Do you work wonders for the dead? Do the departed rise up to praise you? Selah
Is your steadfast love declared in the grave, or your faithfulness in Abaddon?
(Ps 88:9-11)
Or
He has made my teeth grind on gravel, and made me cower in ashes; my soul is bereft of peace; I have forgotten what happiness is; so I say, “My endurance has perished; so has my hope from the LORD.”
(Lam 3:16-17)
Can you think how cathartic that would be? How unifying?

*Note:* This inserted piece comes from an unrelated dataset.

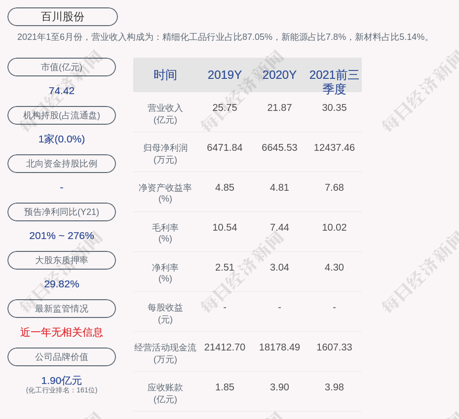 2021年1至6月份,百川股份的营业收入构成为:精细化工品行业占比87.05%,新能源占比7.8%,新材料占比5.14%。

How even in the expression of our suffering there is relief, especially when we bearing it’s burden together and bringing it before the Lord?
“b-but we can’t praise God by singing about how sad we are.”
WRONG. Go to the throne room of heaven and see what is proclaimed there
When he opened the fifth seal, I saw under the altar the souls of those who had been slain for the word of God and for the witness they had borne. They cried out with a loud voice, “O Sovereign Lord, holy and true, how long before you will judge and avenge our blood on those who dwell on the earth?” (Rev 6:9-10)
Do you want to know why it is so good and God glorifying to go before God with our questions and burdens? Because of what it says in verse 11, “Then they were each given a white robe and told to rest a little longer. . .” God comes to us in our suffering! He answers! When we go to Him with our sorrows He gets to be our Comforter! 
He clothes us in righteousness and honor and helps us to rest a little longer! God doesn’t want a bunch of worshipers who can only express vague ephemeral happiness in response to Him. We were meant to glorify Him with all feelings. We are giving Him less than He deserves by not bearing our souls to Him with all its burdens and failings.